Public choice theory is used to explain regulation of telecommunications, transportation, and other complex production systems (Buchanan 1986). My goal is to show that public choice theory explains a set of regulations that consumers interact with on a daily basis: food labels. I argue that organic labeling serves primarily to protect the organic industry from competition.

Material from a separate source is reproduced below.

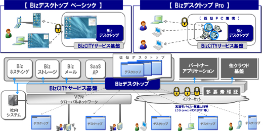 ラインアップは、Webブラウザを通じて仮想デスクトップおよび各種ビジネスアプリケーションが利用できる「Bizデスクトップ ベーシック」と、PCの一括管理やウィルス・セキュリティ対策、BCP対策などができる「Bizデスクトップ Pro」の2種類。金額はBizデスクトップ ベーシックが初期費用2万1000円(1契約ごと)、月額1260円(1IDごと)。Bizデスクトップ Proが初期費用2万1000円から、月額7万8750円から(30ID利用時の場合)となっている。

“Organic” lacks an unambiguous definition but literally refers to the “farm as organism” (Paull 2006). In the early 20th century, English agriculturalists realized that manufactured nitrogen fertilizer depleted nutrients in soil over time. A movement began to conserve and regenerate soil by encouraging farmers to fertilize with plant residues and animal manure. Today, “organic” has a broader meaning, but the theme is that new technologies undermine the integrity of agriculture. Oregon established the first organic standards program in 1973. Between then and 1990, 21 other states adopted a heterogeneous set of organic standards. The industry believed the multiplicity of standards was causing confusion and undermining the value of the organic label. Through vehicles like the Organic Trade Organization and the American Farm Bureau Federation, the industry petitioned Congress for a set of national organic standards. The Organic Food Production Act of 1990 (OFPA) created the National Organic Standards Board (NOSB) and directed it to propose regulations to the U.S. Department of Agriculture. The USDA finalized its set of rules in 2000, which are periodically amended upon recommendation by the NOSB. (Ellsworth 2001; Pollan 2006; USDA 2000)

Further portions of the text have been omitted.